For example, such a capability would be useful for "certified documents". Such documents refer to a class of documents that has no intrinsic value, such as bearer bonds, but has content that is authenticated and vouched for by an appropriate authority. "Certified documents" would include vital records (i.e., birth certificates, death certificates, marriage certificates, etc.), professional licenses, official surveys, inspection reports, university transcripts, legal briefs, etc.

Another area in which such a capability would be useful is "titles" and documents relating thereto. That is, "titles" are documents which have a value of their own, at least for some span of time, and are therefore negotiable. Some examples would include ownership certificates and some type of insurance contracts, such as "Certificates of Insurance", which are issued by insurance companies as proof that a consignment or a package of goods is indeed insured. Corporations that ship/transport goods regularly require a facility whereby certificates of insurance can be issued quickly, and require that such a certificate be printed remotely. It is further necessary to ensure that such certificates cannot be duplicated (copied).

1 ---- 2 Yet another example is "Financial instruments" and other documents of value, such as money orders, certified checks, gift certificates, and tickets (e.g., for transportation, entertainment, sporting events, etc.) In all the above cases, care must be taken to prevent copies and additional prints from being produced to look like and to be used as authentic documents. This need is obvious in the "title" and "financial instrument" cases, as they are negotiable objects, and in some other examples mentioned above.

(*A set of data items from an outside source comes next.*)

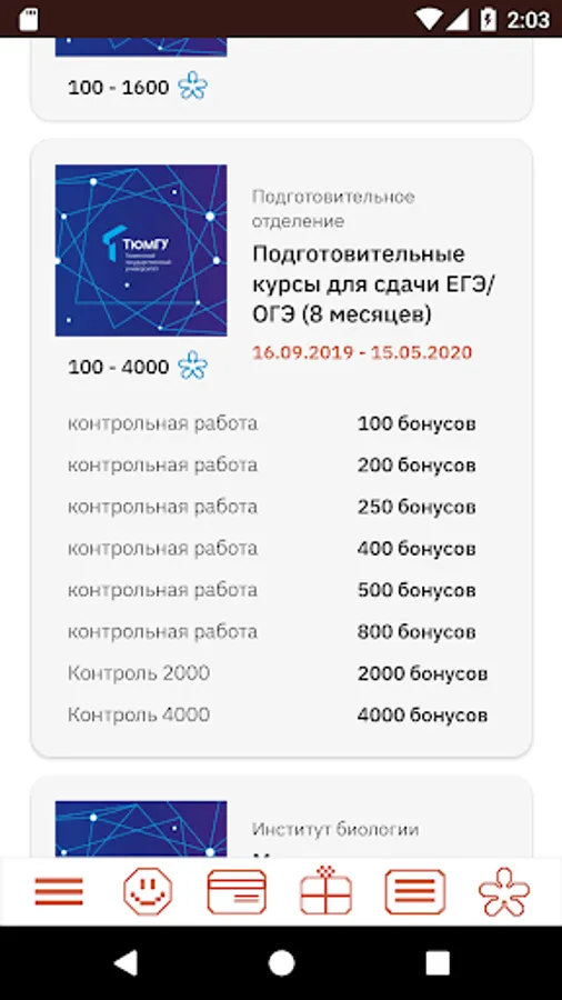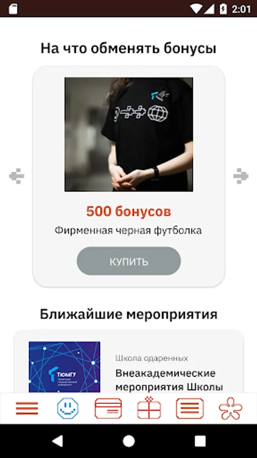 The application allows you to manage your personal account of the participant of the bonus program of the Tyumen State University
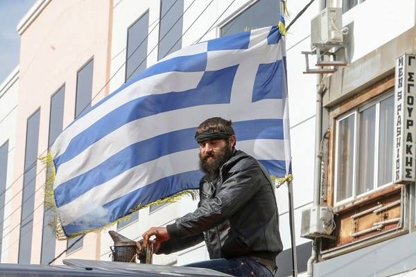 Πάνω στο τρακτέρ με φόντο την ελληνική σημαία και με το κρητικό σαρίκι στο κεφάλι του, ο Στάθης αιχμαλώτισε για ακόμη μία φορά τα φλας των φωτογράφων.
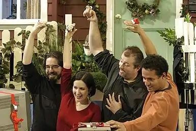 Tim Lagasse was chosen to play Oobi because of his previous bare-handed puppetry in A Show of Hands, a series of short films he made in the early 1990s.[16] The show's main cast and crew members were all Sesame Workshop alumni. Kevin Clash, best known for being the original performer of Elmo, was an ensemble puppeteer on Oobi and guest-starred as Randy in the "Babysitter!" episode.[20] Matt Vogel, the current puppeteer for Kermit the Frog and Big Bird, played Oobi's friend Angus. Martin Robinson, who plays Telly Monster on Sesame Street, built the puppets' glass eyes and accessories on Oobi.[16] Lisa Simon, who won 20 Daytime Emmys for her work as a director of Sesame Street, was the producer for Oobi.[21][22]

For certified documents, there is a compelling need in electronic commerce for processes to maintain "electronic originals". In the physical world (e.g., the so-called "real world"), original documents are typically authenticated through visual inspection of "raised seals" (e.g., notary is seals or the like by persons specially commissioned for such tasks as notarization and the like), embossed signatures, and special bond paper.

social and commercial processes are dependent on the ability of two parties to authenticate documents as originals and to detect any tampering thereof.

Because of the proliferation of computers attached to networks (e.g., which all together cover the entire planet), it has been proposed to replace such documents by electronic documents. Using modern cryptographic techniques, electronic documents can indeed be created which contain: a) a proof of authenticity; and b) a non-counterfeitable list of successive legitimate owners.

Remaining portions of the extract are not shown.